Stage and stacks could be deployed according to the order you specified. Order numbers are positive integers. cfn-cli will deploy stacks in stages with lower order first and in each stage stacks with lower order will be deployed first

• Stage Order
• Stack Order

    Stages:
        Stage1:
            Order: 1
            Stack1:
                Order: 1
            Stack2:
                Order: 2
        Stage2:
            Order: 2

For examples, please refer to Order Example

Cross Stack Reference

In config version 3, we support a new feature called cross stack reference. In many cases, stacks' input depends on outputs from other stacks during deployment, so this new feature will allow stacks collect their inputs as needed and be deployed without interruption.
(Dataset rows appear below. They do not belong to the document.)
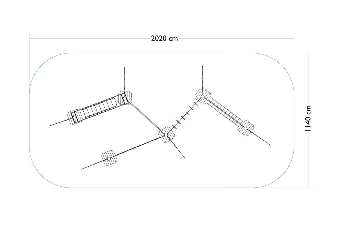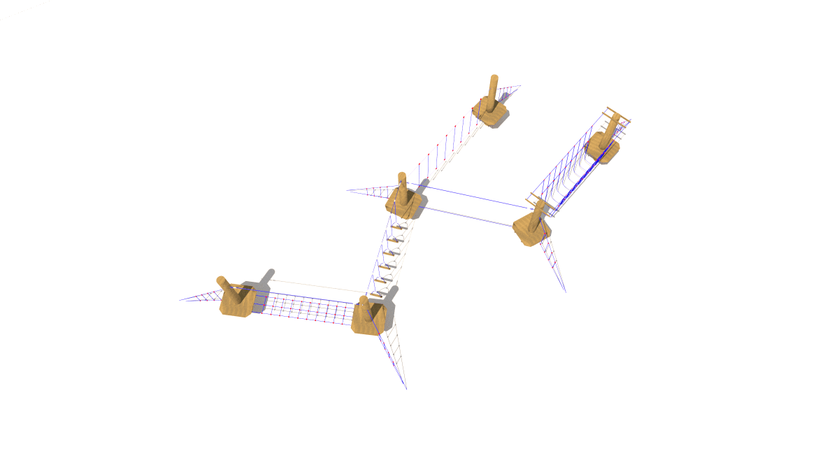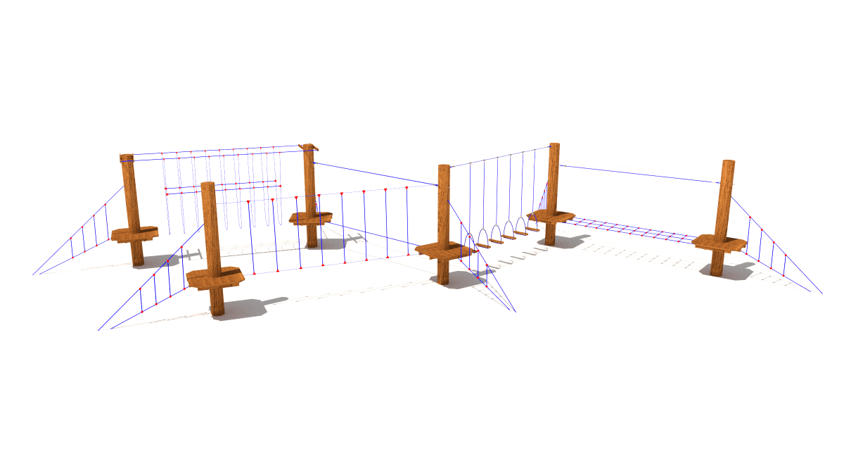 Children’s rope set with balancing elements, made of acacia and oak wood.
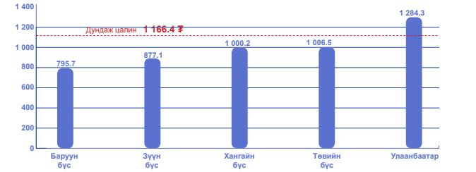 Харин Улаанбаатар хотод ажиллагсдын сарын дундаж цалин 2019 оны гуравдугаар улирлын байдлаар 1.3 сая төгрөг байгаа нь улсын дунджаас 117.9 (10.1%) мянган төгрөгөөр их байна.
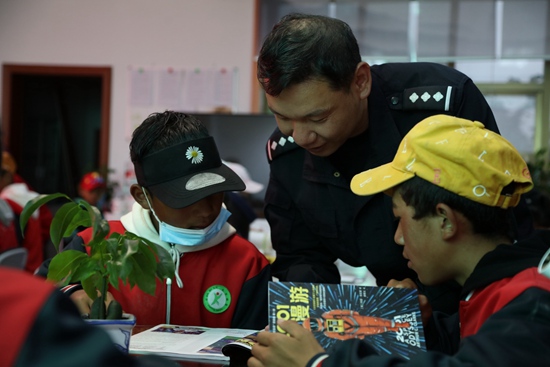 亞?wèn)|出入境邊防檢查站圖書(shū)室對(duì)駐地中學(xué)學(xué)生開(kāi)放,民警為學(xué)生講解書(shū)本知識(shí)。張雨強(qiáng) 攝
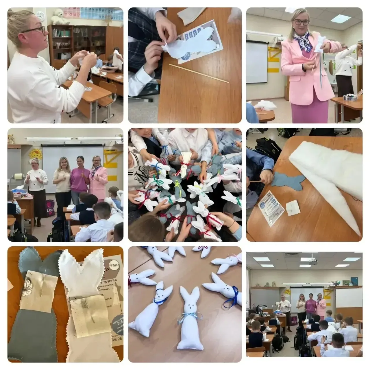 Под чутким руководством взрослых дети сшивали детали, набивали наполнителем, а самым увлекательным этапом стало декорирование. Каждый заяц получил нарядный бантик на шею, а главное — дети сами нарисовали игрушкам глаза, реснички и носики. Так безликие заготовки превратились в живых персонажей с характером.
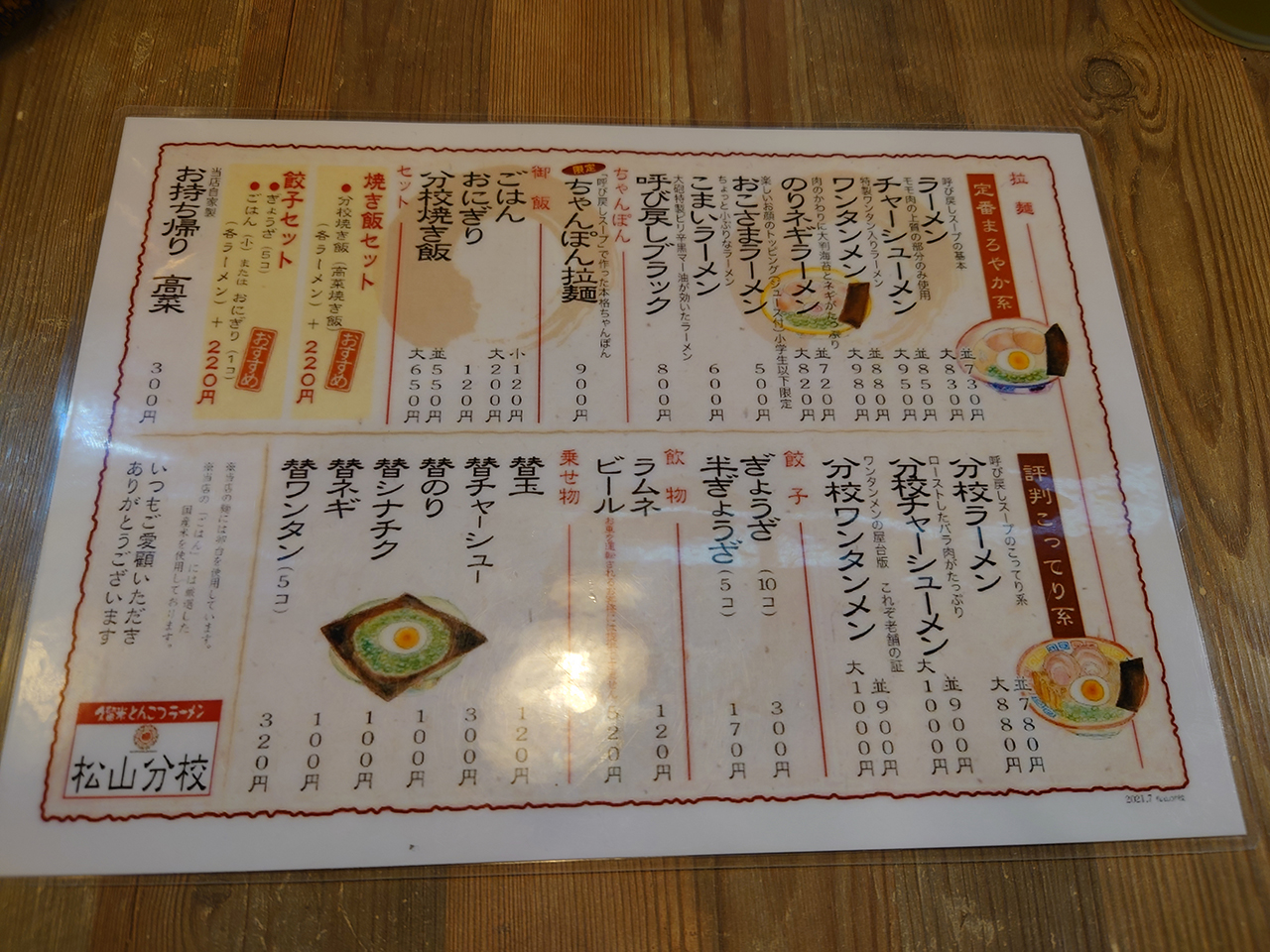 今回は店名も入っている「分校ラーメン」を注文しました。
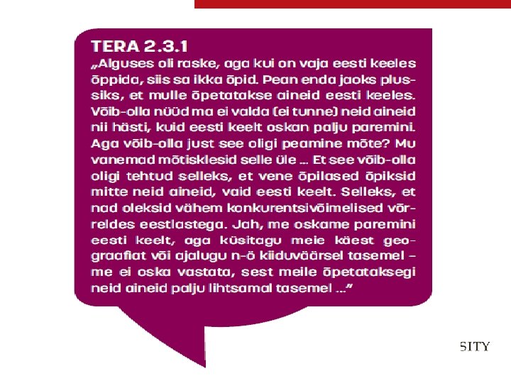 Eestikeelsele õppele üleminek • Eestikeelsele õppele ülemineku alustamine kõrghariduse ja siis gümnaasiumitasemelt tekitanud probleeme, mis oleksid olnud välditavad – Klaaslae lõks – venekeelsete noorte võimetus jõuda tööturul eestlastega samaväärsete kohtadeni – Piisav keeleoskus gümnaasiumis eesti keeles õppimiseks C 1 tase, seadus nõuab vaid B 1 taset, paljudel ei ole sedagi – Kontrast eestikeelsele õppele üleviimise võimaluste võrdsustamise eesmärgi ja reformis osalemise tulemusena tekkinud isiklikus konkurentsivõimes ilmneva ebakindluse vahel – noorte ebavõrdsuse teravdatud tajumine, umbusk laiemalt Eest riigi ja tema institutsioonide suhtes
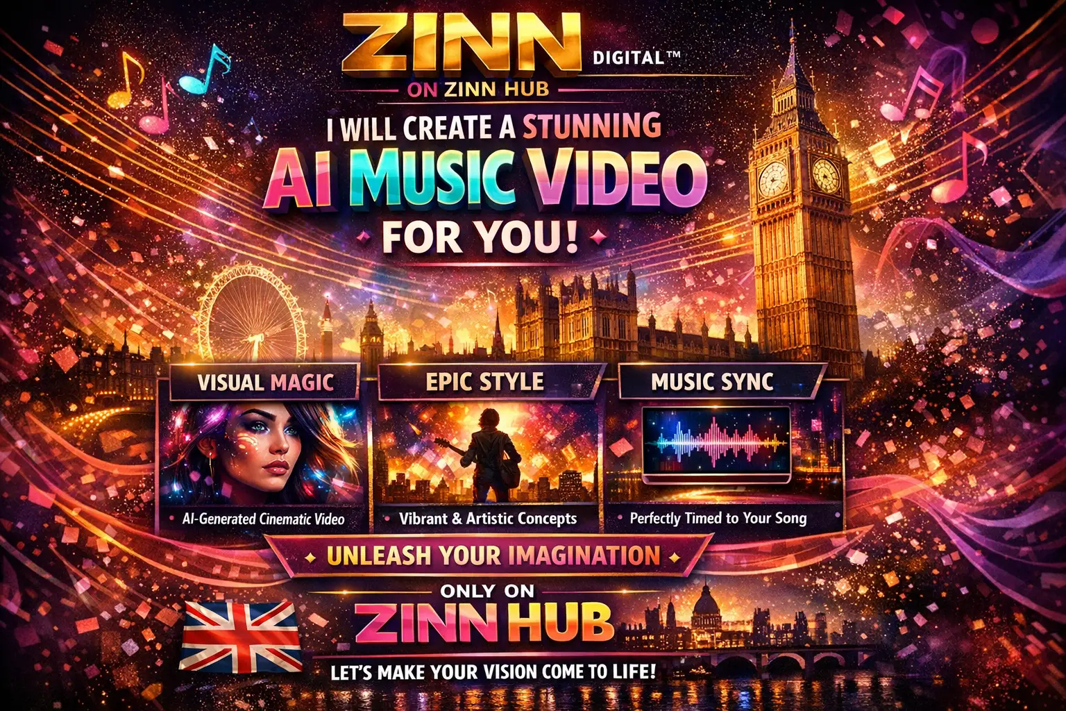Zinn Digital ™ specialises in crafting bespoke AI-generated music videos that bring your unique artistic vision to life. Whether you require a captivating Spotify Canvas, a dynamic song visualiser, or eye-catching AI-generated gifs, we're here to make your music visually unforgettable.
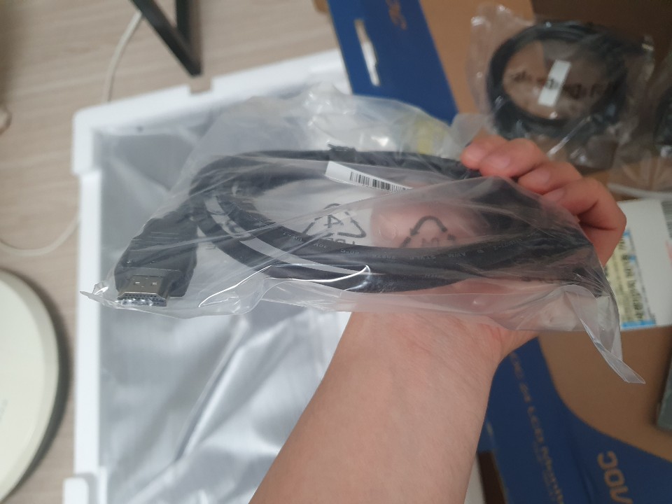 구성은 본체, 거치대, HDMI케이블, DP케이블,

An attribute could reference ouputs of another stack by using the following syntax:

Stack1:
    Parameters:
        VpcId: ${StageName.StackName.OutputName}

For example, please refer to Cross Stack Example

Please Note: You should take care of the order of deployment yourself so that referenced stack is deployed first

Migrate from 2.0.x

Config File

If you are using new "cross stack reference" feature then version 3 is required:

Version: 3

Also NotificationARNs, ResourceTypes, RollbackConfiguration are supported now but no changes is required if old config file is not using them.

Migrate from 0.x

Config File

New configuration file supports multiple stages and stacks, to convert an 0.x configure file to current version,

1. Add following block to the head of conf file and indent properly:

Version: 2
Stages:
  Default:
    << old config file >>

2. Change any TemplateURL or TemplateBody parameter to Template.

For example:

Old:

Stack:
  TemplateURL:          https://s3.amazonaws.com/cloudformation-templates-us-east-1/IAM_Users_Groups_and_Policies.template
  Region:               us-east-1
  StackName:            SampleIAMUsersGroupsAndPolicies
  Capabilities:         [CAPABILITY_IAM]
  Parameters:
    Password:           bob180180180
  Tags:
    project:            Bob

New:

Version: 2
Stages:
  Default:
    Stack:
      Template:          https://s3.amazonaws.com/cloudformation-templates-us-east-1/IAM_Users_Groups_and_Policies.template
      Region:               us-east-1
      StackName:            SampleIAMUsersGroupsAndPolicies
      Capabilities:         [CAPABILITY_IAM]
      Parameters:
        Password:           bob180180180
      Tags:
        project:            Bob

CLI

• cfn is renamed to cfn-cli to avoid conflict with troposphere.
• template command is removed.
• changeset command is removed, but a new sync command is added.
• Because config file supports multiple stages and stacks, stack selector must be specified when you want to operate a subset of stacks.

Sync

New sync command combines aws cloudformation package and aws cloudformation deploy in one step:

cfn changeset create
cfn changeset execute

Is replaced by:

cfn-cli -s sam.api sync

sync uses ChangeSet internally which is useful when dealing with template transforms (eg: SAM or macros).